Problem to work on
Given the listing below, write out exactly the lines starting with the line that has "The art challenge" and going on through the line that has "이정표의 역할을 하고", both kept.
---- Input records
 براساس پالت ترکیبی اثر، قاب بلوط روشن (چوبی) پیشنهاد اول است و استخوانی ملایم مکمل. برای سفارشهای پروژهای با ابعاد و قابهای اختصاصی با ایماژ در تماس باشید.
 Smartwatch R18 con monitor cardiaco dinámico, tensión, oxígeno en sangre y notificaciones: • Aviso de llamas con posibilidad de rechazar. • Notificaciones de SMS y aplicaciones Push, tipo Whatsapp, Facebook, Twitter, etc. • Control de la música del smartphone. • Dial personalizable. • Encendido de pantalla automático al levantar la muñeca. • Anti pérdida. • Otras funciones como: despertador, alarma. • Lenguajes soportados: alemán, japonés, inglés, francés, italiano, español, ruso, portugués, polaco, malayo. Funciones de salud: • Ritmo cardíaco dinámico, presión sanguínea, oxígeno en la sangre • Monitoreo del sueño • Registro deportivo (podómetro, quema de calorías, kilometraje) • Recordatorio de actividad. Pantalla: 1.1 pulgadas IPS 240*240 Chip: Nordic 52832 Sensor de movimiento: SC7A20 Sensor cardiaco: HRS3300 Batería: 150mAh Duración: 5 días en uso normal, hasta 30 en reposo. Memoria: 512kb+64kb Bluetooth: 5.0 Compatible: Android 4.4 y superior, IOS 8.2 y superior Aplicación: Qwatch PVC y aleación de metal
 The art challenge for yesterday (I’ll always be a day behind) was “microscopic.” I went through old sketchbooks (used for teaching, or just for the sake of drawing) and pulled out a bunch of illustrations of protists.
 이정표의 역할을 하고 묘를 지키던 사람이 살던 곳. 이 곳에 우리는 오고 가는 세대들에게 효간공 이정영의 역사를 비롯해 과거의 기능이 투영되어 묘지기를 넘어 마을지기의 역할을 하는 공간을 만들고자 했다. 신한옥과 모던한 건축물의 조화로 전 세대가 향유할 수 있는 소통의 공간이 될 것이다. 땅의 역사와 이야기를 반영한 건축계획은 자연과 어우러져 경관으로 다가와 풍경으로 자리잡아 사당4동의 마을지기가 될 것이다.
--------
---- Input records
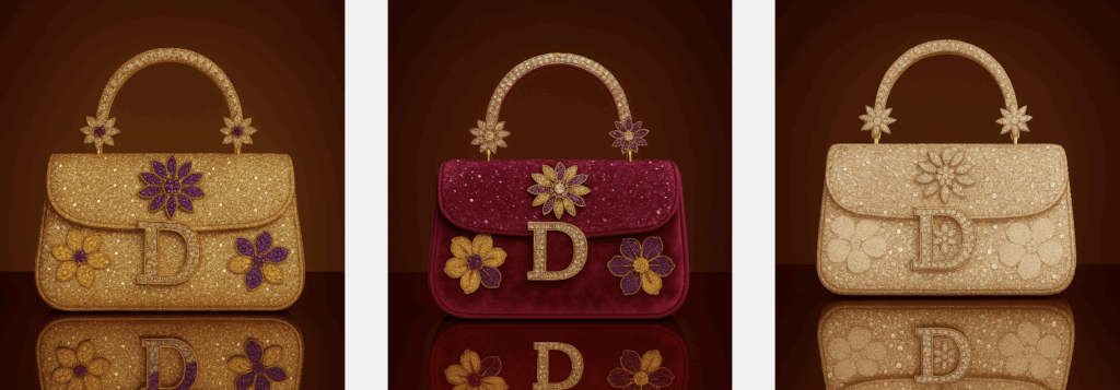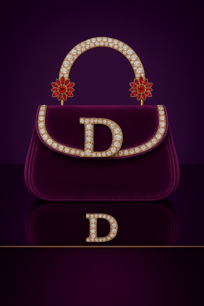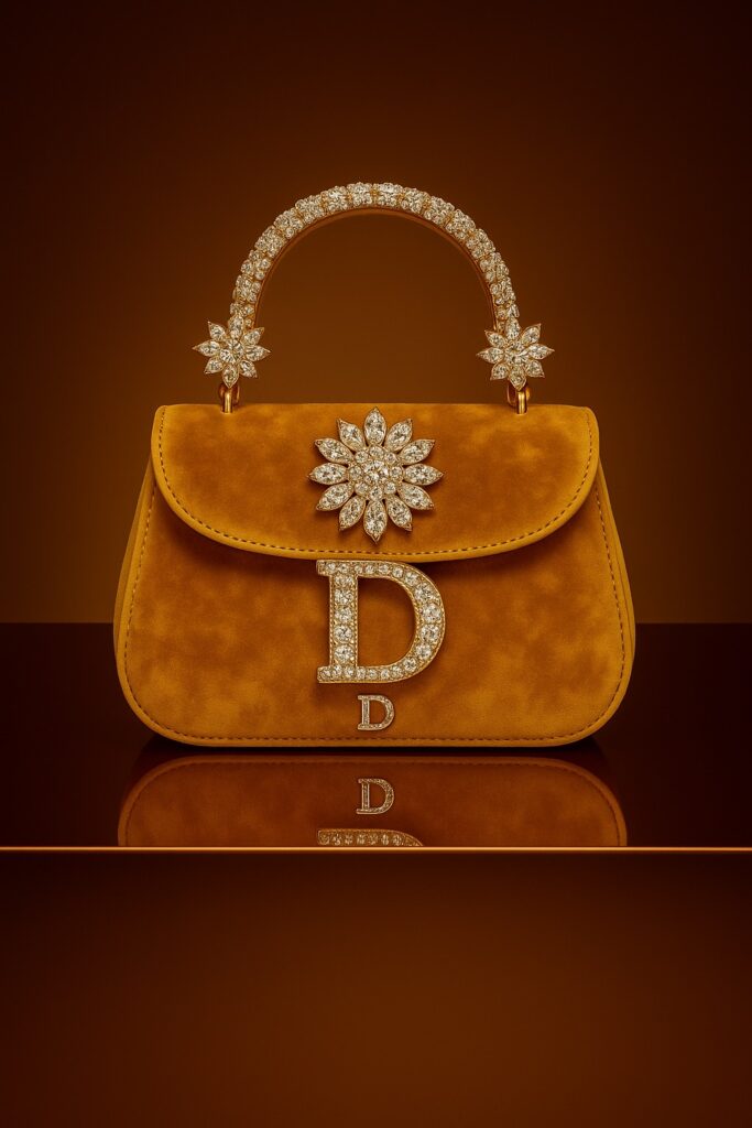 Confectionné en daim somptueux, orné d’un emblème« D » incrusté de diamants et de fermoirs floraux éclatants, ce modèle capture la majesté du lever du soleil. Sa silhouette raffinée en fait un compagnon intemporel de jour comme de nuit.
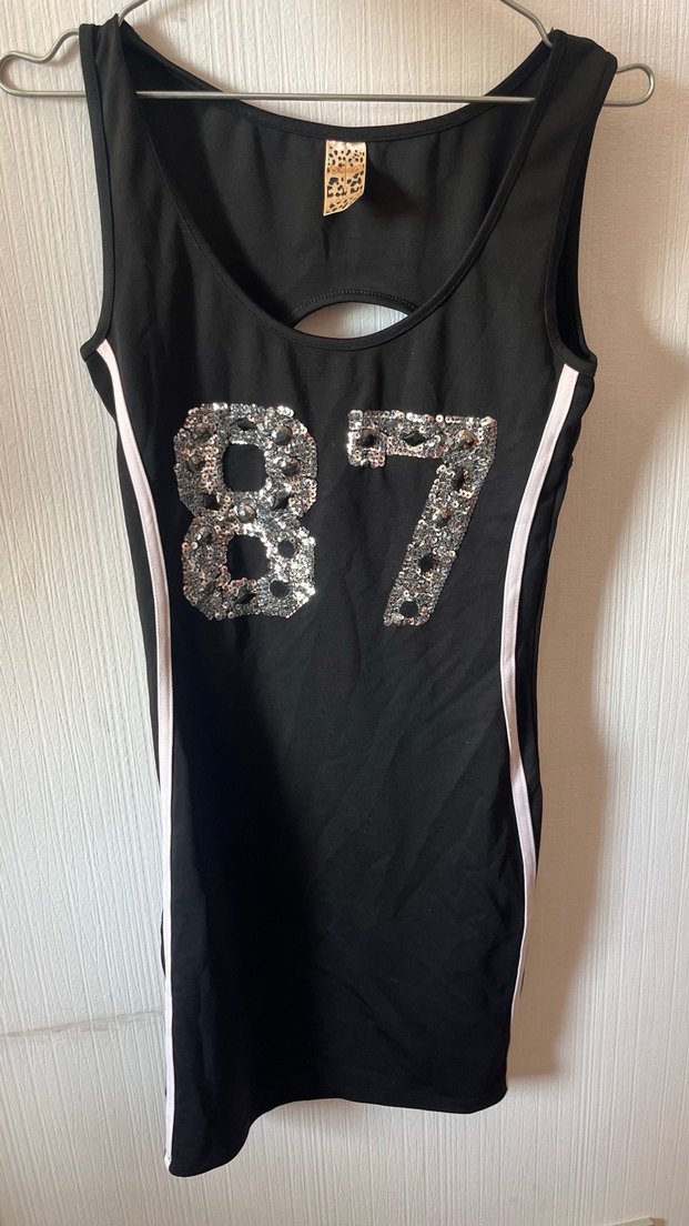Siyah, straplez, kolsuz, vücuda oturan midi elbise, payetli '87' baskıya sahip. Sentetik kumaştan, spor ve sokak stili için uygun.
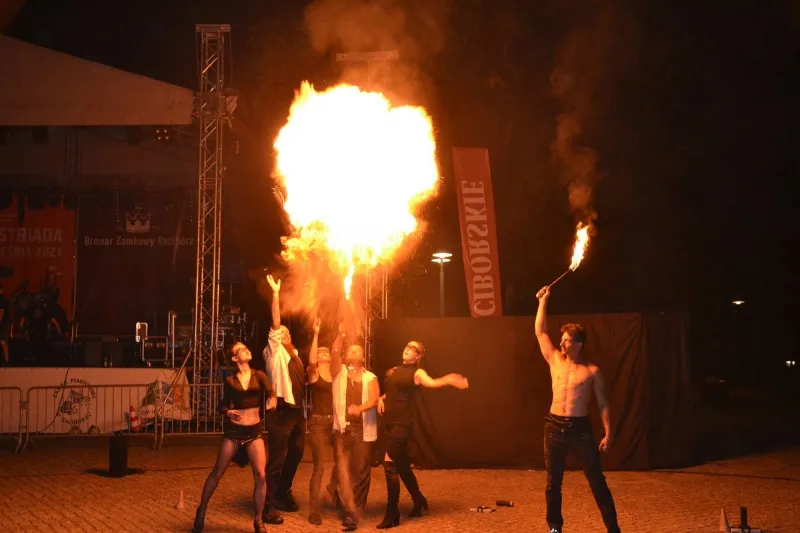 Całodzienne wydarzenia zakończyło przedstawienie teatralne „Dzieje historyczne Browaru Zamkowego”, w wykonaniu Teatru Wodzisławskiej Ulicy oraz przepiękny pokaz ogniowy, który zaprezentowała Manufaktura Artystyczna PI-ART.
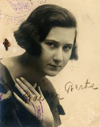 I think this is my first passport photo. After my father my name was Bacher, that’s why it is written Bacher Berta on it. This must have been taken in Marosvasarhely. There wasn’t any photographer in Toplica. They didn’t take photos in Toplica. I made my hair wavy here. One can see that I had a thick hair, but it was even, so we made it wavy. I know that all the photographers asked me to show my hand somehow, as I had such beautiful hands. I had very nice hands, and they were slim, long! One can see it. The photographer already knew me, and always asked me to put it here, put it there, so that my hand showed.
--------
Written response
 The art challenge for yesterday (I’ll always be a day behind) was “microscopic.” I went through old sketchbooks (used for teaching, or just for the sake of drawing) and pulled out a bunch of illustrations of protists.
 이정표의 역할을 하고 묘를 지키던 사람이 살던 곳. 이 곳에 우리는 오고 가는 세대들에게 효간공 이정영의 역사를 비롯해 과거의 기능이 투영되어 묘지기를 넘어 마을지기의 역할을 하는 공간을 만들고자 했다. 신한옥과 모던한 건축물의 조화로 전 세대가 향유할 수 있는 소통의 공간이 될 것이다. 땅의 역사와 이야기를 반영한 건축계획은 자연과 어우러져 경관으로 다가와 풍경으로 자리잡아 사당4동의 마을지기가 될 것이다.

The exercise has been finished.